正如预期的那样，这个符号是负的，所以电荷是从电桥出来的，进入电池(或者我们试图计算的电容)。

So what is the maximum value of this charge? It is when Imot(0) is maximal (in absolute value). So how big this current can be? We can take two approaches, just as we did in the lock anti-phase drive. We can take either the short-circuit current of the motor or the current-limit of the bridge into account. The latter is still a very conservative estimation and is usually much lower than the short-circuit current of the motor, so let’s use that. In the following equations, I’ve changed the signs so that we substitute the positive bridge current:

那么这个电荷的最大值是多少？当Imot（0）为绝对值时。那么这个电流有多大？我们可以采取两种方法估算，就像我们在锁-反相位驱动中所做的那样。我们可以考虑电动机的短路电流或电桥的电流限制。后者仍然是一个非常保守的估计，通常比电机的短路电流低得多，所以我们用这个。在下面的方程式中，我改变了符号，这样我们就可以用正桥电流来代替：

Qreverse_max= Lm/Rm* (Imax+ (Vbat/Rm) * ln(1 + Imax/ (Vbat/Rm+ Imax) )

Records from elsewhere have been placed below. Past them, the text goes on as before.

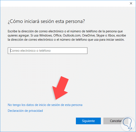 Vemos que por defecto Windows 10 intentará crear la configuración de la nueva cuenta para que inicie sesión usando la cuenta de Microsoft, como será una cuenta local pulsamos en la opción No tengo los datos de inicio de sesión de esta persona.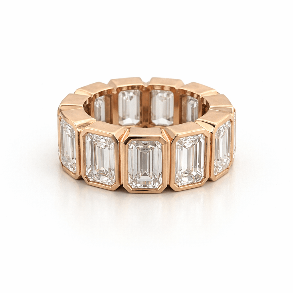 14K Gold 8.6MM Lab Grown Emerald Bezel Diamond Eternity Band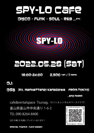 2022年5月... SPY-LO CAFEが富山市「cafe&rentalspace カフェ&レンタルスペース Tsunag.(ツナグ)」で決定っ! DJは 1980年代 金沢片町 MANHATTAN21 のチーフDJを務め、今も全国で活躍する OSA。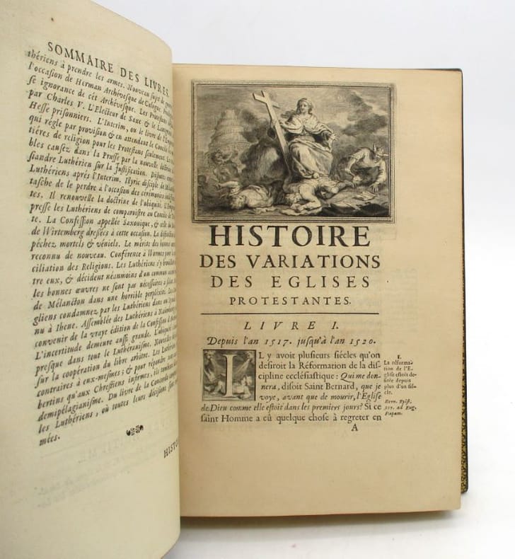 A Paris, Chez la Veuve de Sébastien Mabre Cramoisy et se vend à Liège, Chez J. F. Broncart - 1702 - 406 et 524 pages. Table et Sommaires. Glose.Reliure plein veau marbré de l'époque. Dos à nerfs orné et doré. Pièces de titre fauves. Roulettes dorée sur les coupes. Deux coiffes accidentées. Pas de rousseur. Bon état. Format in-12°(16x10).Jacques-Bénigne Bossuet, surnommé parfois "Aigle de Meaux ", né le 27 septembre 1627 à Dijon et décédé le 12 avril 1704 à Paris, est un homme d'Église, évêque de Meaux, prédicateur et écrivain français. Certains voient en lui "le plus grand [orateur] peut-être que le monde ait connu".L'Histoire des variations des Églises protestantes est un ouvrage anti-protestant, commencé en 1682 et publié en 1688 à Paris. Il comprend quinze livres. En raison de la réponse du pasteur Pierre Jurieu, Bossuet a écrit une suite : les Avertissements aux protestants sur les lettres du ministre Jurieu contre l'Histoire des variations, parus en 1689-1691.

This charge changes the capacitor voltage following the familiar formula: Vripple_max= Qrelease_max/C. If we know how much ripple voltage the circuit can tolerate, we can calculate the size of the capacitor needed:

这种电荷会按照我们熟悉的公式改变电容器的电压：Vripple_max=Qrelease_max/C。如果我们知道电路能承受多大的纹波电压，我们就可以计算出所需电容器的尺寸：

C= Lm/Rm* (Imax+ (Vbat/Rm) * ln(1 + Imax/ (Vbat/Rm+ Imax) ) / Vripple_max

Let’s see an example! Let’s say our motor has a 30uH inductance, and a 1Ω resistance. Let’s say we operate from a 20V supply and the bridge can sustain a 10A current. Finally let’s assume that we can tolerate 5% ripple current. The result is a 473µF.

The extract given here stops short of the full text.